• _Dataset extract_:
++++
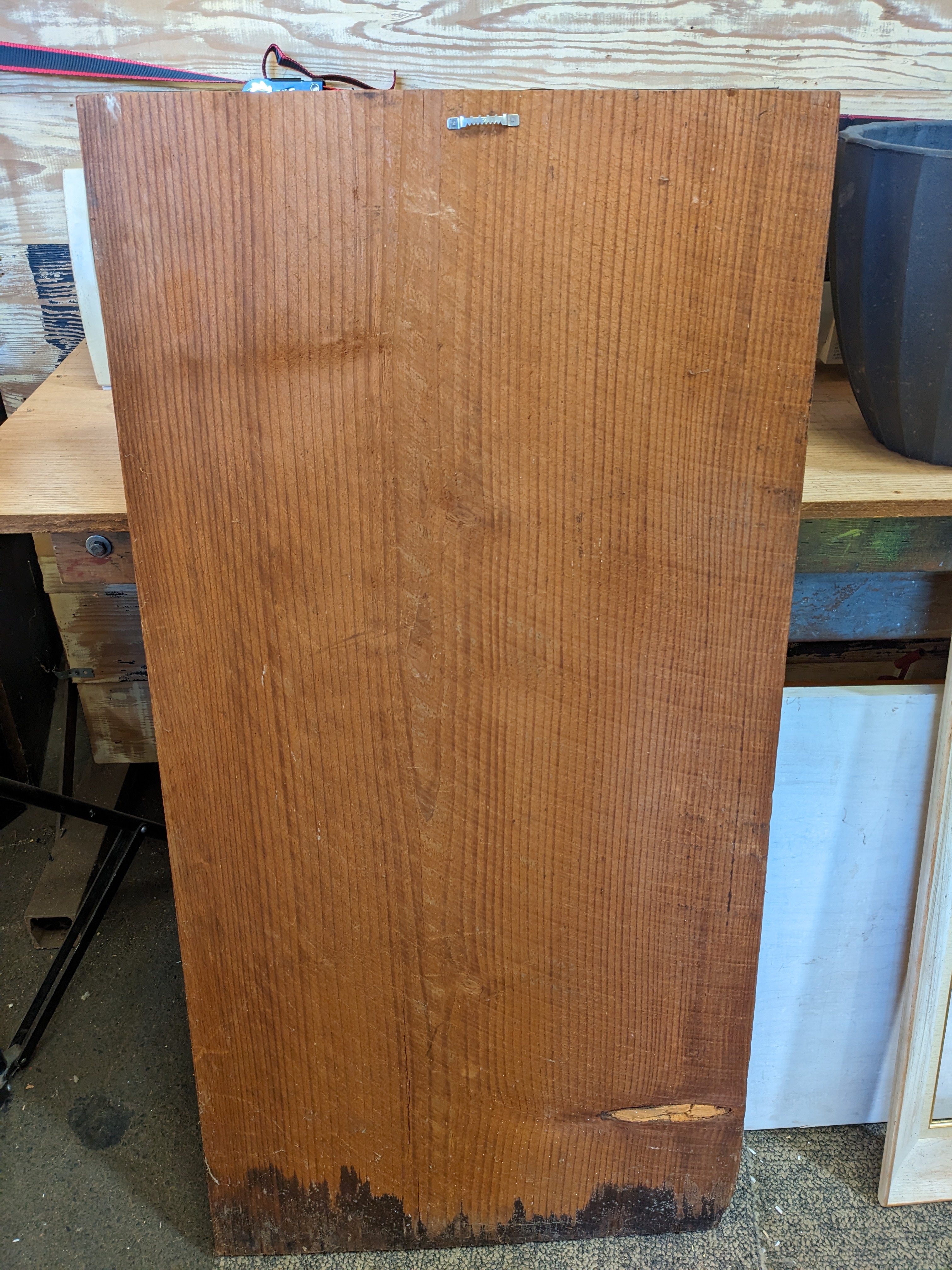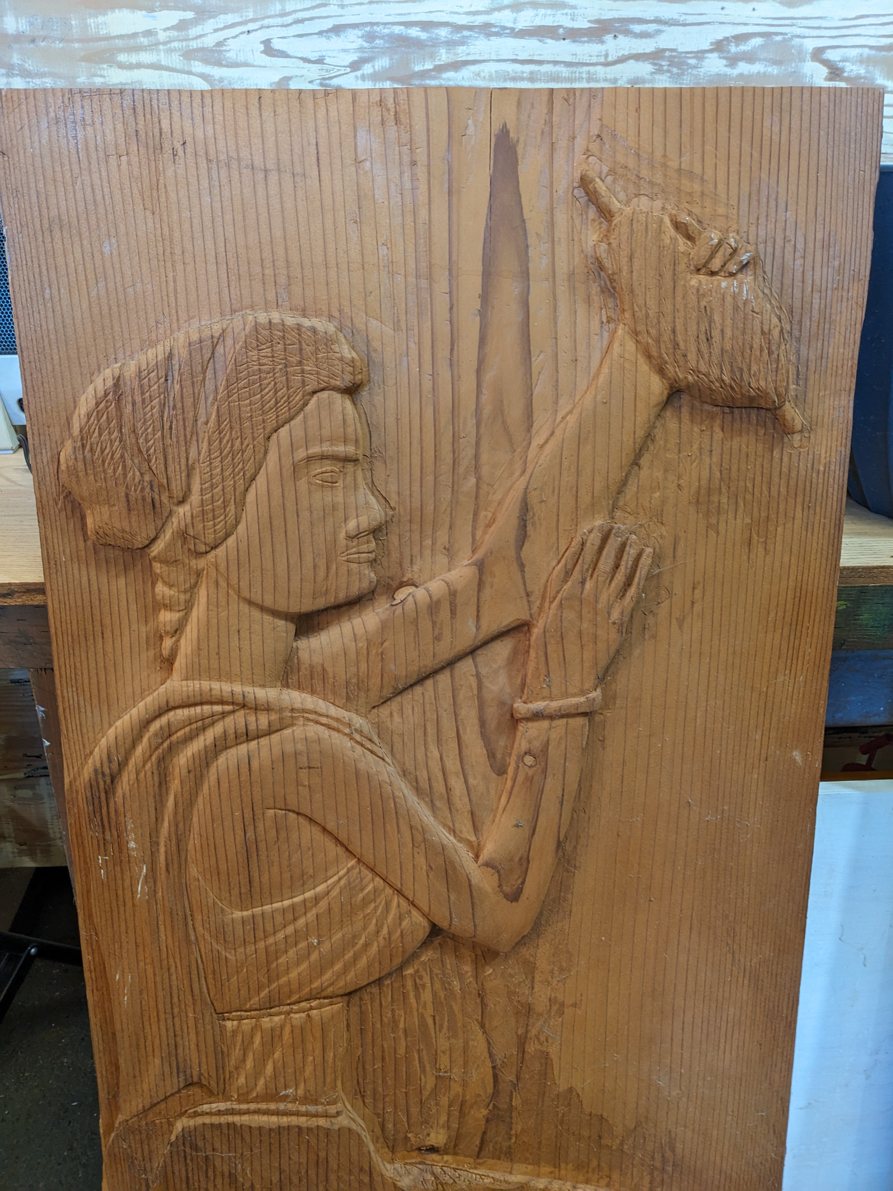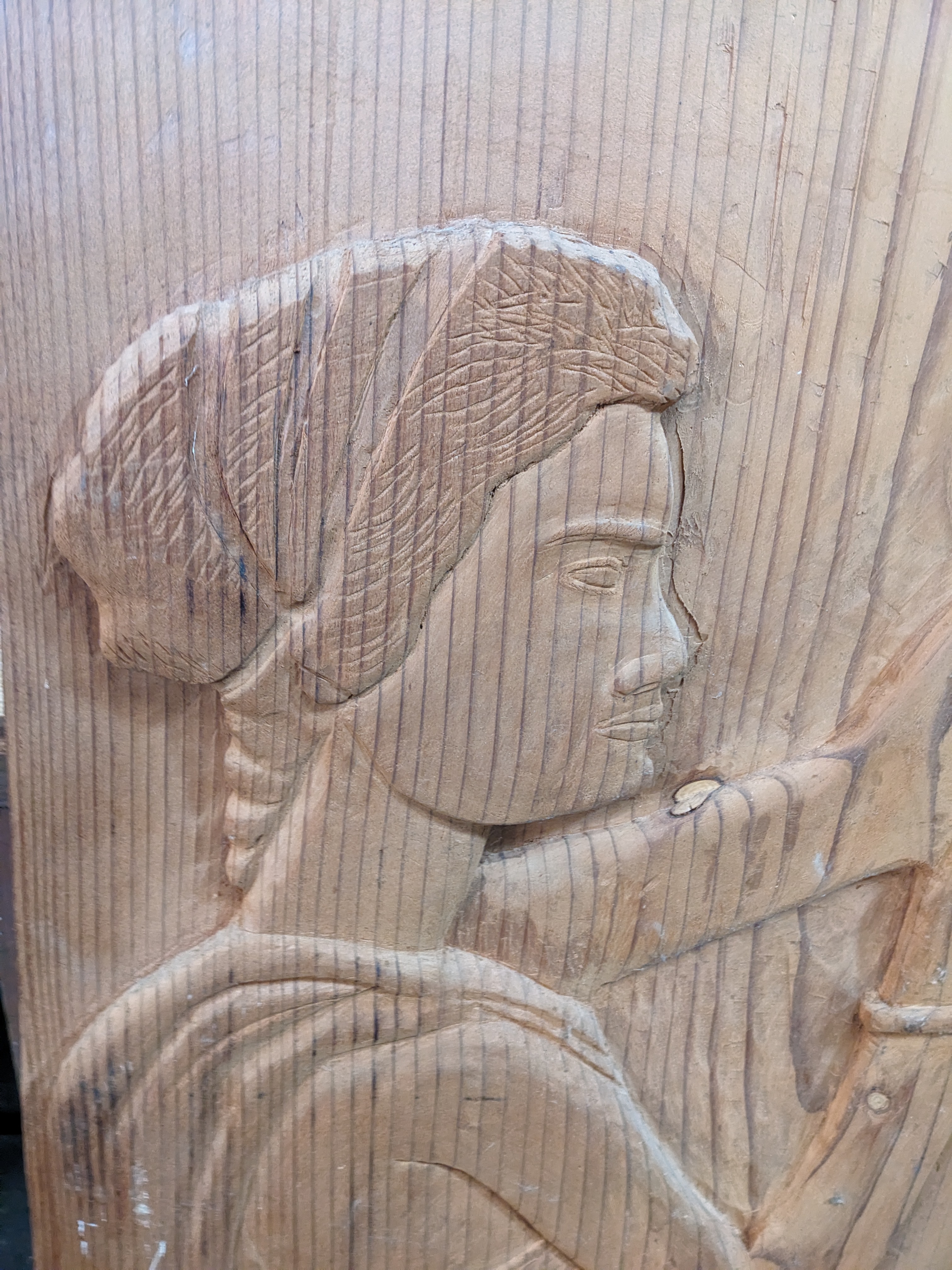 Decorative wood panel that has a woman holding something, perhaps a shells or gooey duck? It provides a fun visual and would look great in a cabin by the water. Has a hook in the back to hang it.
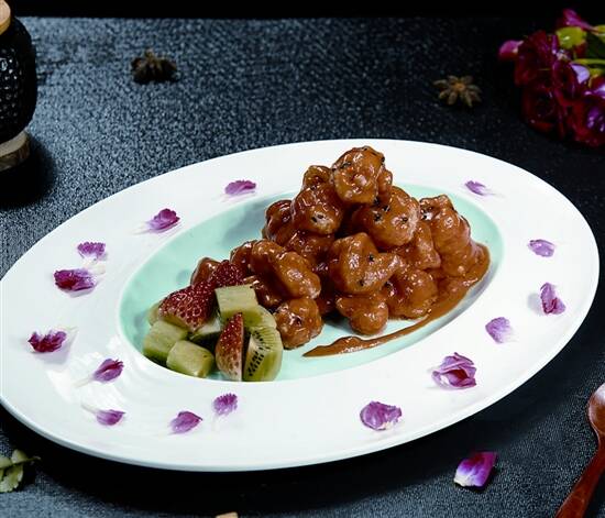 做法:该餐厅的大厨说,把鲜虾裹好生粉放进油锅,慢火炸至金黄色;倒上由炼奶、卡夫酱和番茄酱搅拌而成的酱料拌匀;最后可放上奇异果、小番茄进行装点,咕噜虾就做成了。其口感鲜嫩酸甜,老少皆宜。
++++
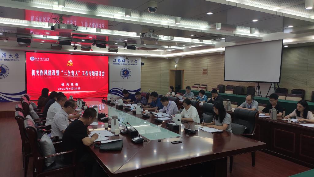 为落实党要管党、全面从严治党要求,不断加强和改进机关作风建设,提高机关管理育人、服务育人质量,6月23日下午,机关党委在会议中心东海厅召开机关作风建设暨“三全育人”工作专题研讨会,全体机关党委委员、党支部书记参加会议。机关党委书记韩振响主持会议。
++++
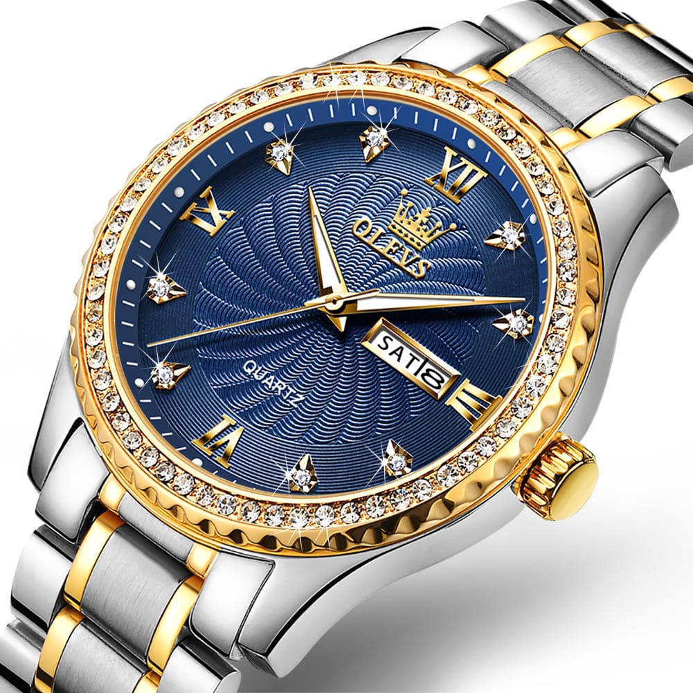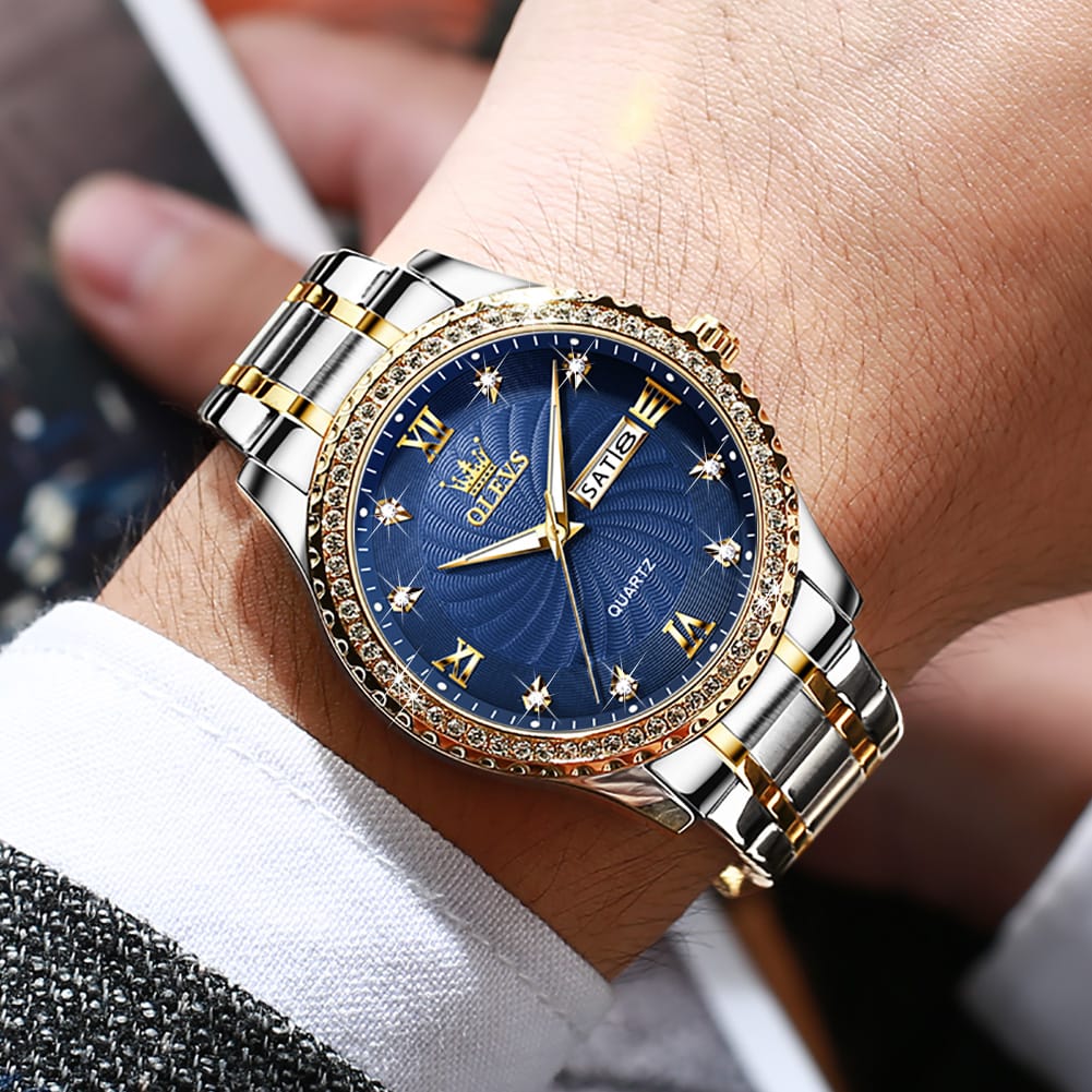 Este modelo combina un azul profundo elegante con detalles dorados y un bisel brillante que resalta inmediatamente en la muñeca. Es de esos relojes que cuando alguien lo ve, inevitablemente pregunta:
++++
• _Your goal_: Starting at the line above that holds "Decorative wood panel", return each line up to and including the one that holds "做法:该餐厅的大厨说,把鲜虾", exactly as written, minus any pictures.

• _Exercise result_:
 Decorative wood panel that has a woman holding something, perhaps a shells or gooey duck? It provides a fun visual and would look great in a cabin by the water. Has a hook in the back to hang it.
 做法:该餐厅的大厨说,把鲜虾裹好生粉放进油锅,慢火炸至金黄色;倒上由炼奶、卡夫酱和番茄酱搅拌而成的酱料拌匀;最后可放上奇异果、小番茄进行装点,咕噜虾就做成了。其口感鲜嫩酸甜,老少皆宜。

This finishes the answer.